Mass Index Indicator
The Mass Index attempts to predict reversals by comparing the trading range (High minus Low) for each period. Reversals are signaled by a bulge in the index line.
The Mass Index was invented by Donald Dorsey.
Trading Signals
The key signal is a reversal bulge. This occurs when the Mass Index (25 period) rises above 27 and falls back below 26.5.
Calculate a 9 day exponential moving average (EMA) of prices:
- Go long if there is a reversal bulge and EMA points downward.
- Go short if there is a reversal bulge and EMA points upward.
Use ATR Trailing Stops to time your entry and Stop Losses on all trades.
Example
FedEx with 25 day Mass Index, and 9 day exponential moving average.

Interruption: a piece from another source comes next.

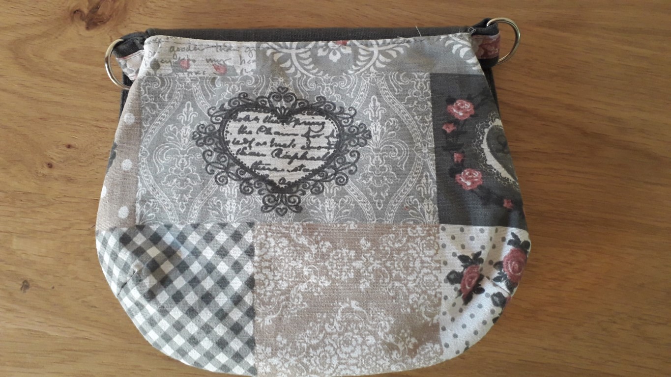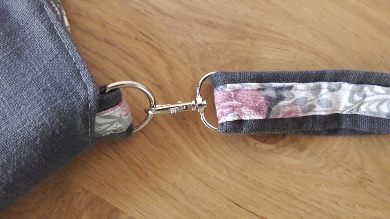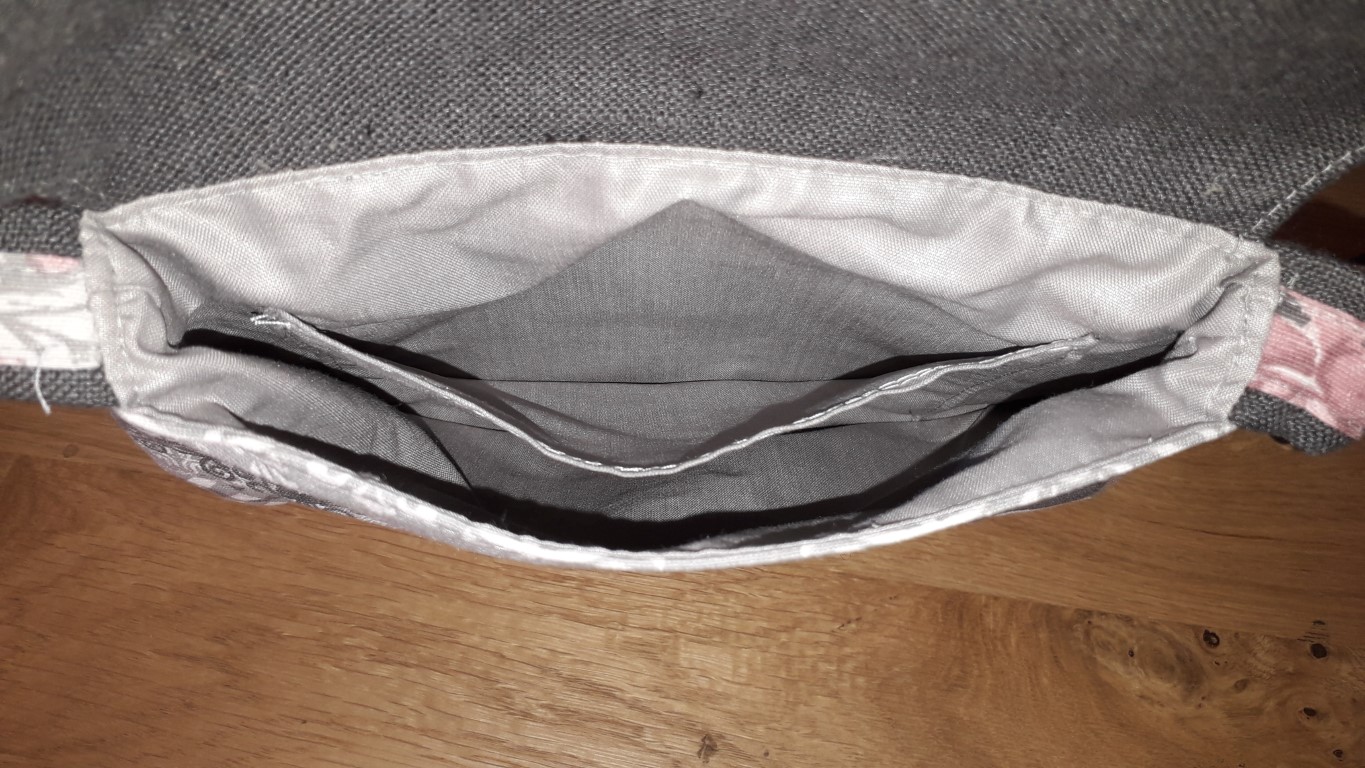 foncé/une toile à motif fleur et cœur rose et gris. Entièrement doublé.

Reversal bulges are very infrequent:
- Long signal - Mass index completes a reversal bulge at [1] while the moving average slopes downward. Place a trailing buy-stop above the High of the signal day and move it down above the high of each day until we are stopped in at [L].
Setup
The default settings are:
- indicator window - 25 days
- upper level - 27.0
- lower level - 26.5
To alter the default settings - Edit Indicator Settings. See Indicator Panel for directions on how to set up an indicator.
Formula
To calculate the Mass Index:
- Calculate the range for each period:
High - Low - Calculate a 9 day
exponential moving average of the range:
EMA [H - L] - Calculate a 9 day
exponential moving average of the above:
EMA ( EMA [H - L] ) - Divide the first: EMA by the second:
EMA [H - L] / EMA ( EMA [H - L] ) - Add the values for the selected number of periods (normally 25).